Apr 16 00:10:19.489 EST: %GRPGE-6-SYNC_LOSS: Interface
GigabitEthernet4/0: Loss of Sync
Apr 16 00:10:21.509 EST: %LINK-3-UPDOWN: Interface GigabitEthernet4/0,
changed state to down
Apr 16 00:10:21.513 EST: %OSPF-5-ADJCHG: Process 1, Nbr 10.1.0.2 on
GigabitEthernet4/0 from FULL to DOWN, Neighbor Down: Interface down or
detached
Apr 16 00:10:22.733 EST: %LINEPROTO-5-UPDOWN: Line protocol on Interface
GigabitEthernet4/0, changed state to down
Apr 16 00:10:37.313 EST: %GRPGE-6-AUTONEG_STATE: Interface
GigabitEthernet4/0: Link OK - autonegotiation complete
Apr 16 00:10:39.313 EST: %LINK-3-UPDOWN: Interface GigabitEthernet4/0,
changed state to up
Apr 16 00:10:40.313 EST: %LINEPROTO-5-UPDOWN: Line protocol on Interface
GigabitEthernet4/0, changed state to up

(this is what it looked like on R1 simultaneously, ignore the hour
difference the timezone is not adjusted for daylight) The transit
provider begins maintenance; and then 65 seconds later on R1 this
happens:

Apr 16 01:09:38.146 EST: %RP-3-FABRIC_UNI: Unicast send timed out  (1)

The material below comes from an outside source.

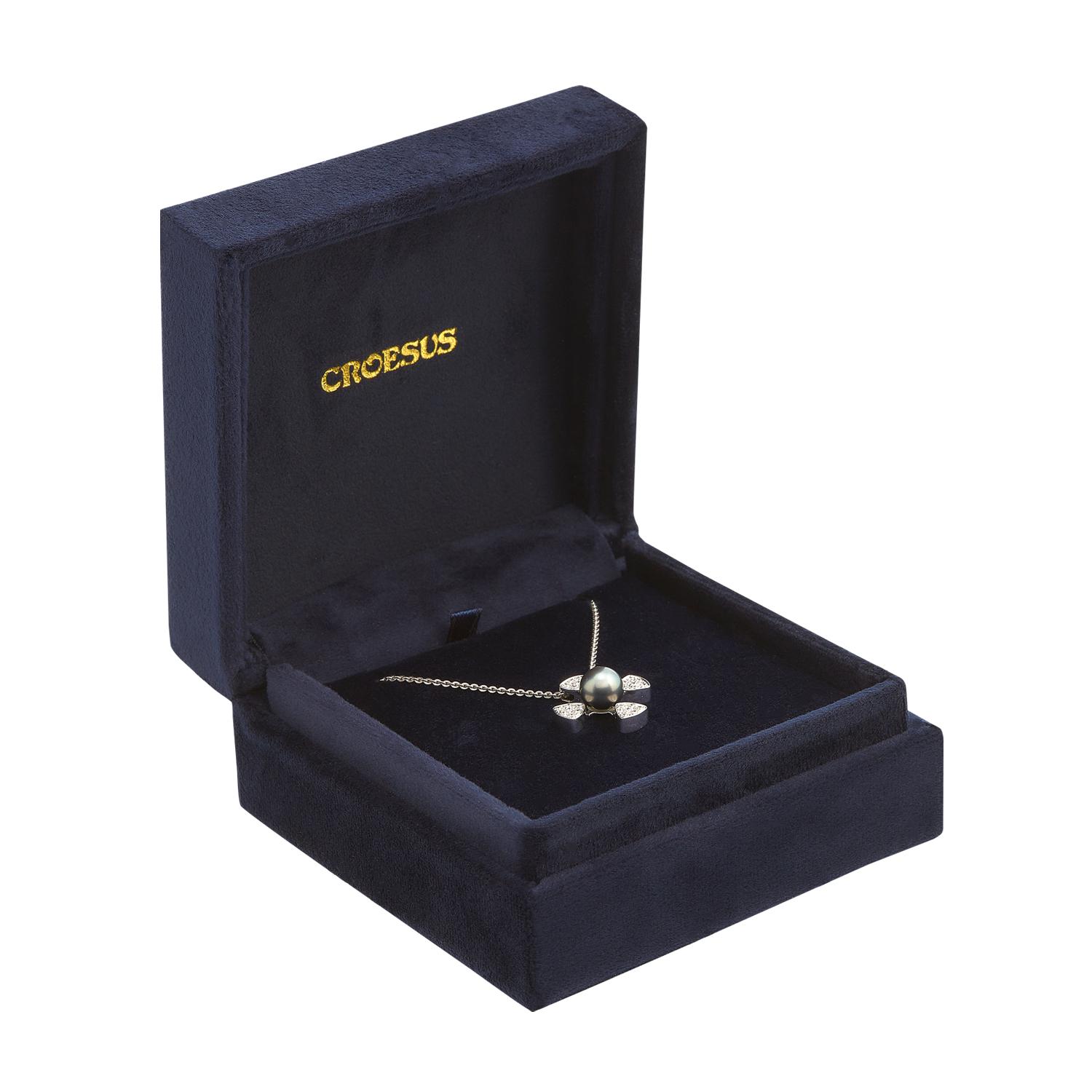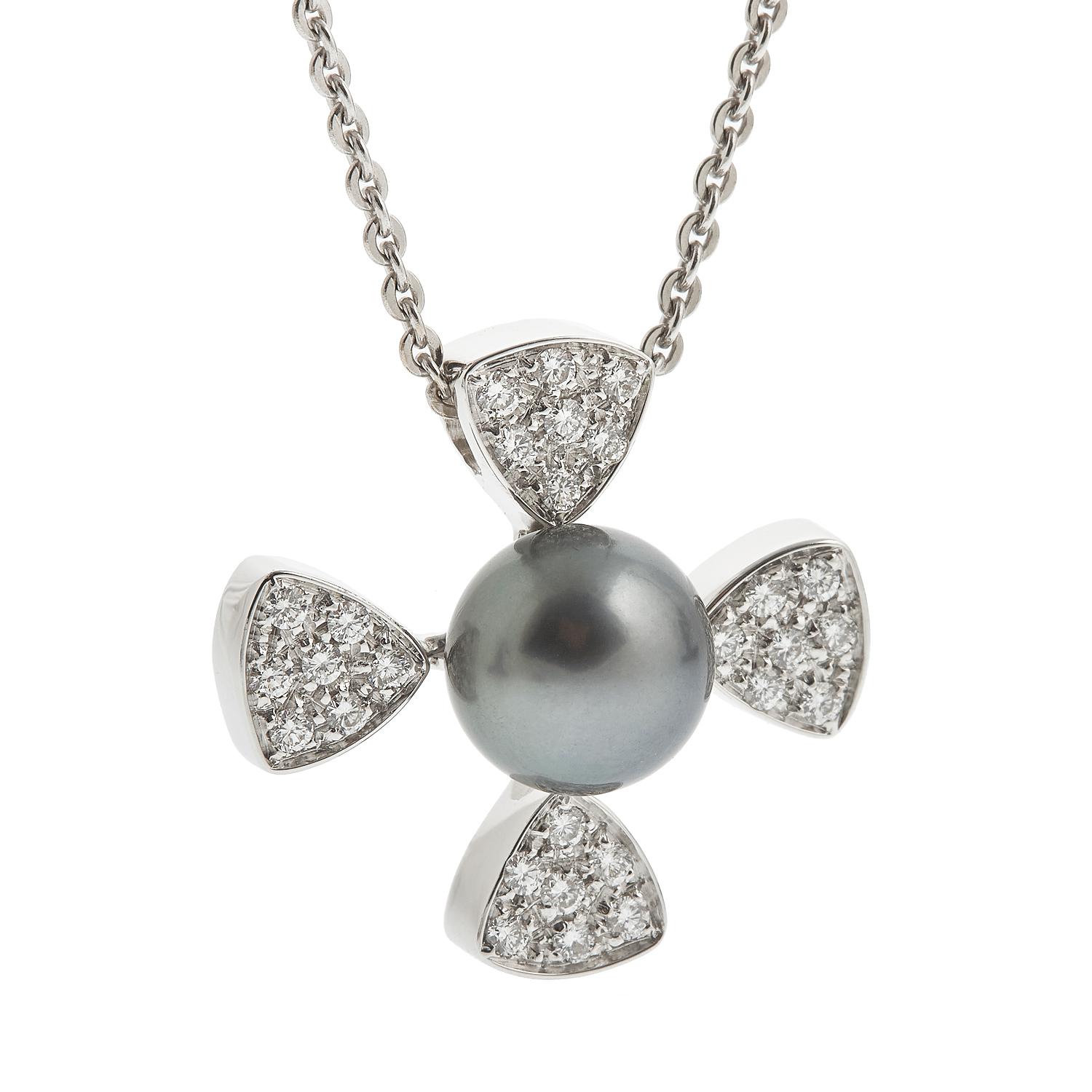Modern Baptism Cross with diamonds and Tahitian South Sea pearl (chain is not included)

Apr 16 01:09:43.182 EST: %RP-3-FABRIC_UNI: Unicast send timed out  (1)
Apr 16 01:09:48.262 EST: %RP-3-FABRIC_UNI: Unicast send timed out  (1)

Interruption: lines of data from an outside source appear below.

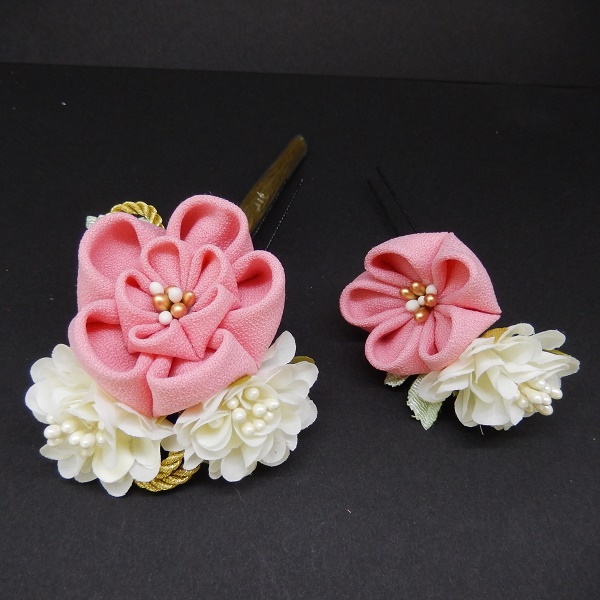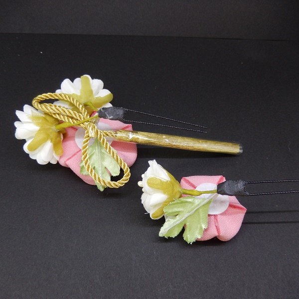 つまみふさ付ミニフラワー2点セット ピンク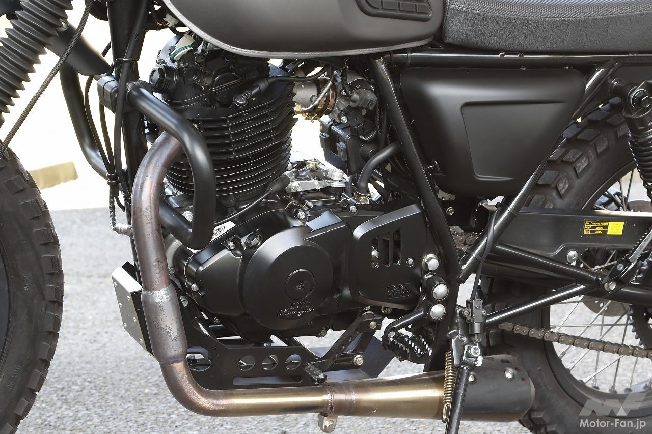 心臓部の空冷シングルエンジンは、わずか13kW(17.2hp)の最高出力しか発揮しませんし、最大トルクだって18Nmです。250㏄の排気量からしても動力性能は低めです。「そんなパワーしか出ないんじゃ走っても楽しくない!」と思う人もいるでしょう。でも、この空冷シングルは歯切れの良いサウンドとフィーリングをもたらしてくれるのです。たしかにパワフルじゃありませんけどエンジンの存在感はライダーに伝えてきます。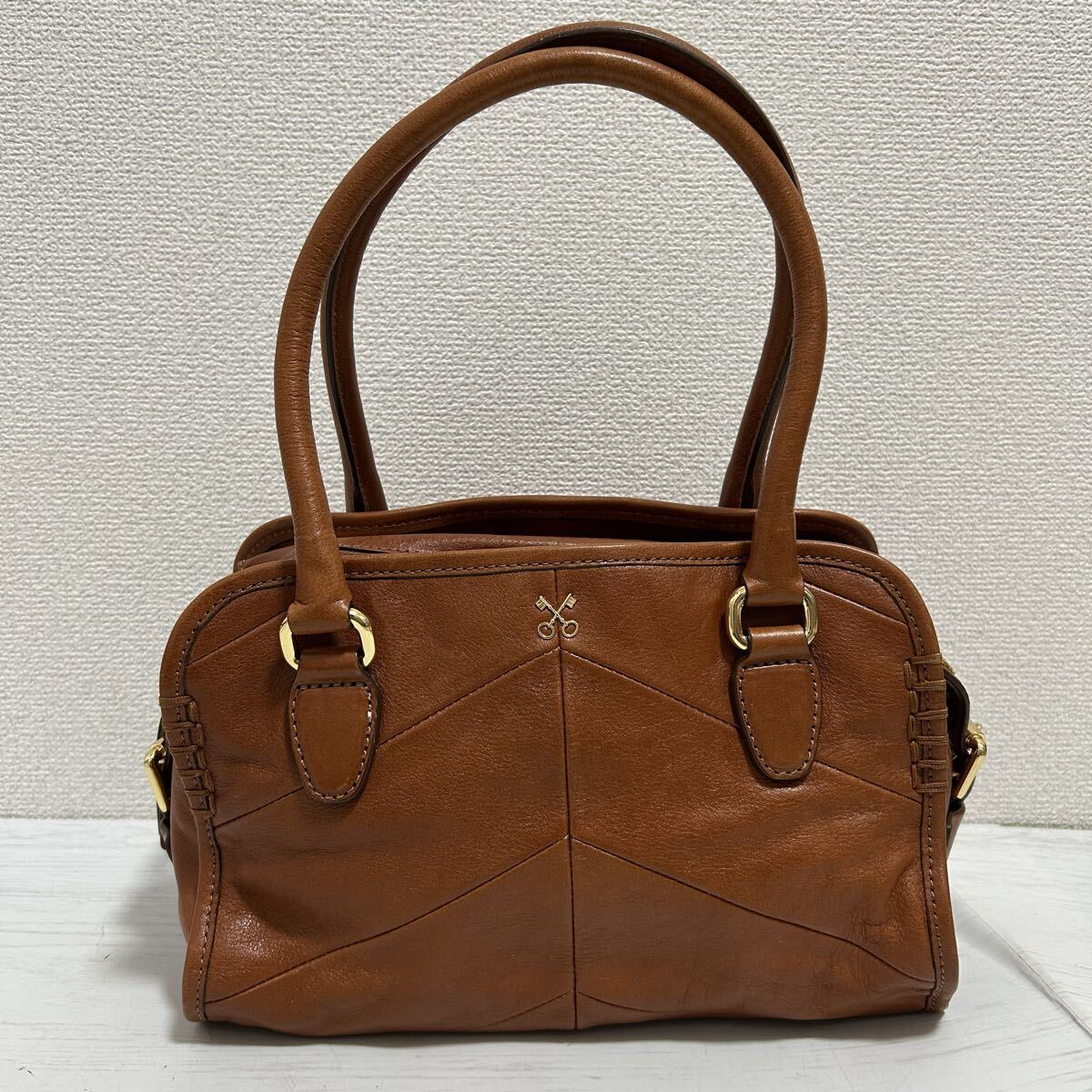 > 美品 SAZABY サザビー レディース ハンドバッグ トートバッグ カバン 本革 牛革 レザー 茶色 ブラウン ゴールド金具 ワンポイント ブランド

Apr 16 01:09:55.094 EST: %RP-3-FABRIC_UNI: Unicast send timed out  (1)
Apr 16 01:10:00.098 EST: %RP-3-FABRIC_UNI: Unicast send timed out  (1)
Apr 16 01:10:05.306 EST: %RP-3-FABRIC_UNI: Unicast send timed out  (1)
Apr 16 01:10:05.510 EST: %OSPF-5-ADJCHG: Process 1, Nbr 10.1.122.161 on
FastEthernet1/5 from FULL to DOWN, Neighbor Down: Dead timer expired
Apr 16 01:10:07.798 EST: %OSPF-5-ADJCHG: Process 1, Nbr 10.1.122.177 on
FastEthernet1/1 from FULL to DOWN, Neighbor Down: Dead timer expired
Apr 16 01:10:10.426 EST: %RP-3-FABRIC_UNI: Unicast send timed out  (1)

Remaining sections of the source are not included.